En los pacientes sometidos a intervención coronaria percutánea (PCI), tanto los eventos hemorrágicos como los eventos hemorrágicos posteriores al alta se asocian con un aumento similar de la mortalidad. Por ello, en los últimos años se han desarrollado estrategias destinadas a reducir el riesgo de sangrado sin comprometer la protección frente a eventos trombóticos, entre ellas el acortamiento de la duración de la doble antiagregación plaquetaria (DAPT), la reducción de la intensidad del tratamiento y el cambio hacia inhibidores plaquetarios menos potentes.
Estas estrategias se basan en la premisa de que el riesgo isquémico es máximo durante el período inicial posterior a la PCI, mientras que el riesgo hemorrágico permanece relativamente constante a lo largo del tiempo.
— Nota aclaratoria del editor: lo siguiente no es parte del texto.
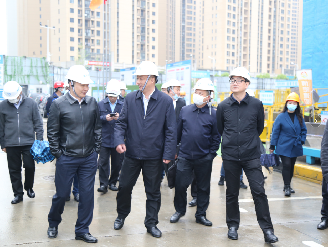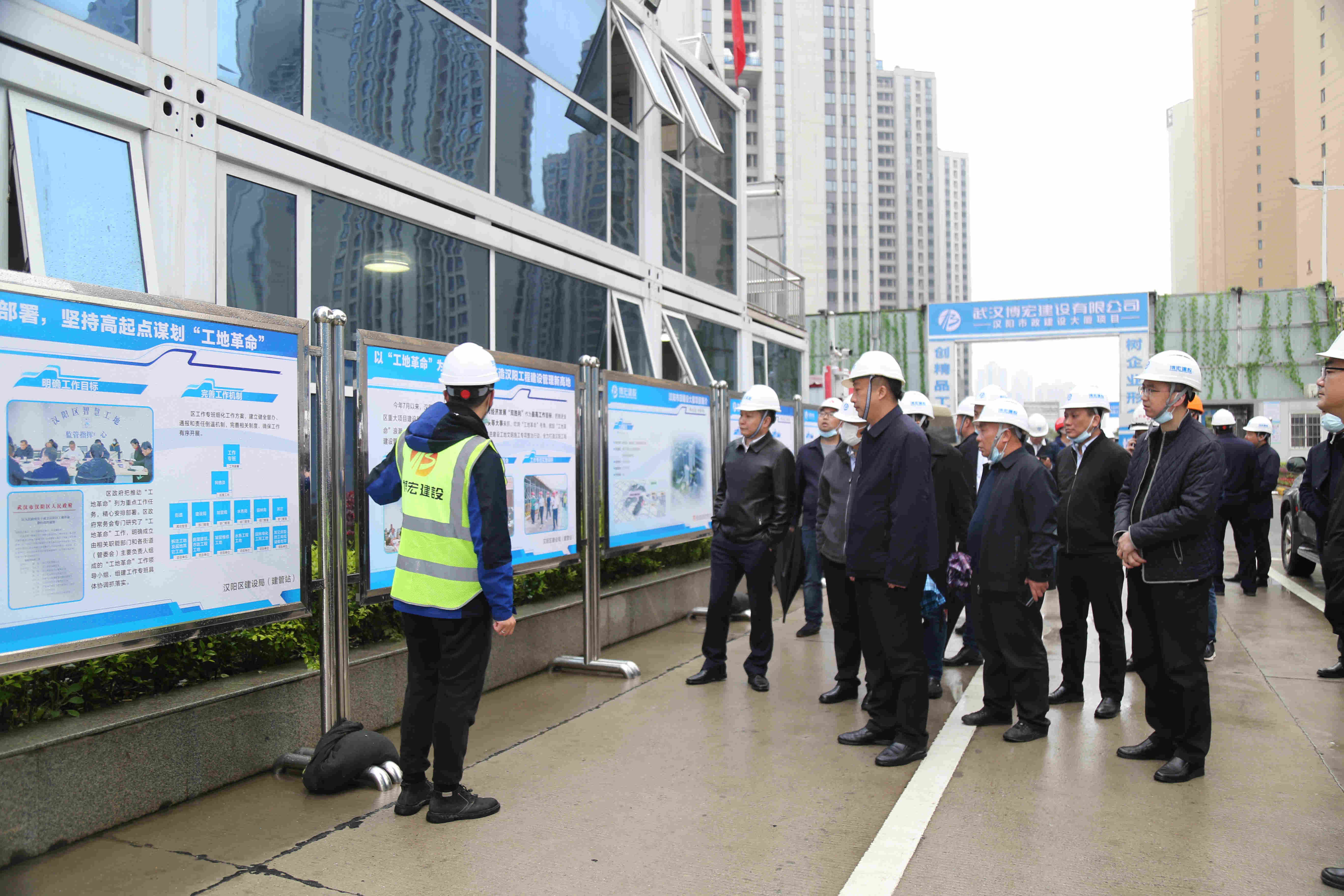 在汉阳市政建设大厦项目现场,仙桃市人民政府副市长徐国亮对现场安全文明施工管理情况进行观摩,就项目绿色建造、疫情防控、工地革命、技术创新等各项工作进行了解。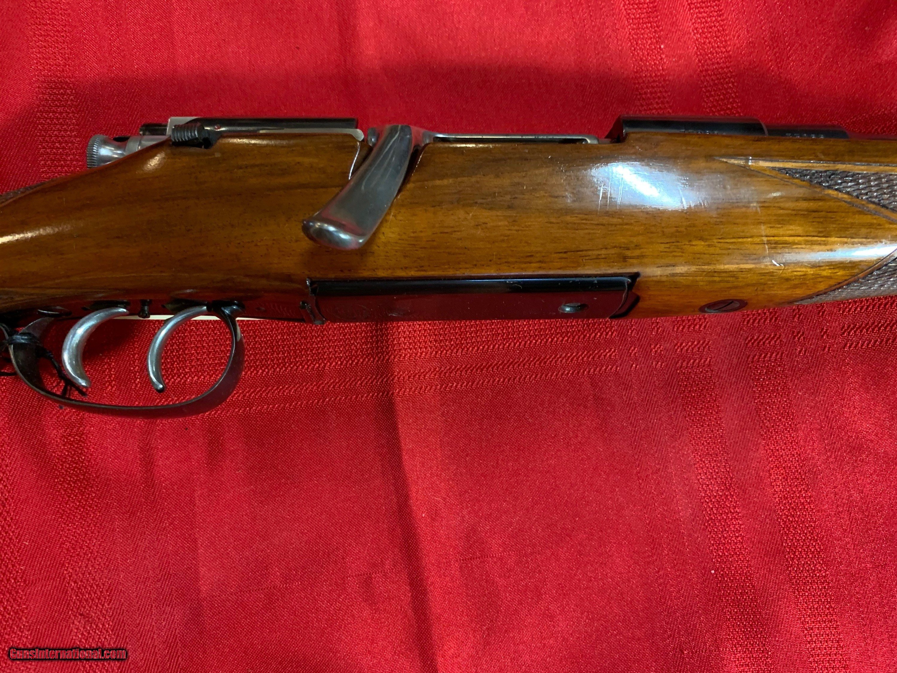 Description: MCA model 243 caliber. Set Triggers. Drilled for B&L or other mounts. Wood is perfect. Metal is original except for B&L mounting. Shadow line cheek piece. 22" barrel. SOLD Curio/Relic: Yes Rifle Caliber: .243 Winchester |

Sin embargo, esta relación temporal no había sido evaluada específicamente en pacientes con alto riesgo de sangrado (HBR), una población caracterizada por una elevada carga de comorbilidades y un mayor riesgo tanto de complicaciones hemorrágicas como trombóticas.
Los criterios del Academic Research Consortium for High Bleeding Risk (ARC-HBR) permiten identificar a los pacientes con mayor probabilidad de presentar sangrado mayor durante el primer año tras una PCI. No obstante, muchos de estos criterios también se asocian con un incremento del riesgo isquémico, lo que dificulta la elección de la estrategia antitrombótica óptima. El presente estudio tuvo como objetivo describir la evolución temporal de los eventos hemorrágicos e isquémicos durante el primer año posterior a la PCI en pacientes HBR tratados con un mes de DAPT, para comprender mejor el equilibrio dinámico entre ambos riesgos.
Se realizó un análisis de datos individuales provenientes de siete estudios prospectivos que incluyeron pacientes con alto riesgo de sangrado sometidos a PCI y tratados con un esquema de un mes de doble antiagregación plaquetaria, seguido de monoterapia antiplaquetaria. S
e evaluó la incidencia y el momento de aparición de los sangrados mayores, definidos como hemorragias tipo 3 a 5 según la clasificación Bleeding Academic Research Consortium (BARC), y de los eventos cardiovasculares adversos mayores (MACE) durante el primer año de seguimiento. El análisis comparó la frecuencia de ambos tipos de eventos durante los primeros 30 días, entre los días 31 y 90 y entre los días 91 y 365 posteriores a la intervención.
El estudio incluyó 7.266 pacientes con una edad media de 76 ± 9 años, de los cuales el 31,5% eran mujeres.
Durante el primer año de seguimiento se registraron 284 episodios de sangrado mayor (4,0%) y 433 eventos cardiovasculares mayores (6,0%). De los sangrados mayores, 73 episodios (1,0%) ocurrieron durante los primeros 30 días y 211 (2,9%) después del primer mes. En cuanto a los eventos isquémicos, 64 MACE (0,9%) se produjeron dentro de los primeros 30 días y 369 (5,1%) ocurrieron posteriormente.
Durante los primeros 30 días después de la PCI no se observaron diferencias significativas entre la incidencia de sangrado mayor y la de eventos cardiovasculares mayores (25,7% frente a 22,3%; p = 0,407).
Sin embargo, a partir del día 31 el riesgo isquémico pasó a ser significativamente superior al riesgo hemorrágico. Entre los días 31 y 90, la incidencia de MACE fue del 7,2% frente al 4,9% de sangrados mayores (p = 0,024), mientras que entre los días 91 y 365 las tasas fueron del 5,3% y 3,1%, respectivamente (p < 0,001).
Tras el primer mes, ambas curvas de eventos tendieron a estabilizarse, aunque el riesgo de eventos cardiovasculares permaneció consistentemente por encima del riesgo de sangrado durante el resto del seguimiento.
¿Qué nos deja este estudio?
En pacientes con alto riesgo de sangrado sometidos a PCI y tratados con un esquema de un mes de doble antiagregación plaquetaria, tanto el riesgo de sangrado mayor como el de eventos cardiovasculares mayores alcanzan su máxima incidencia durante los primeros 30 días posteriores al procedimiento.
Una vez finalizado el primer mes e iniciada la monoterapia antiplaquetaria, el riesgo hemorrágico disminuye y se estabiliza, mientras que el riesgo isquémico continúa siendo significativamente más elevado durante el resto del primer año.
Estos resultados respaldan el uso de estrategias de DAPT abreviada en pacientes HBR y resaltan la importancia de adaptar el tratamiento antitrombótico de forma dinámica, considerando que, tras el primer mes, la prevención de eventos isquémicos continúa siendo un objetivo prioritario.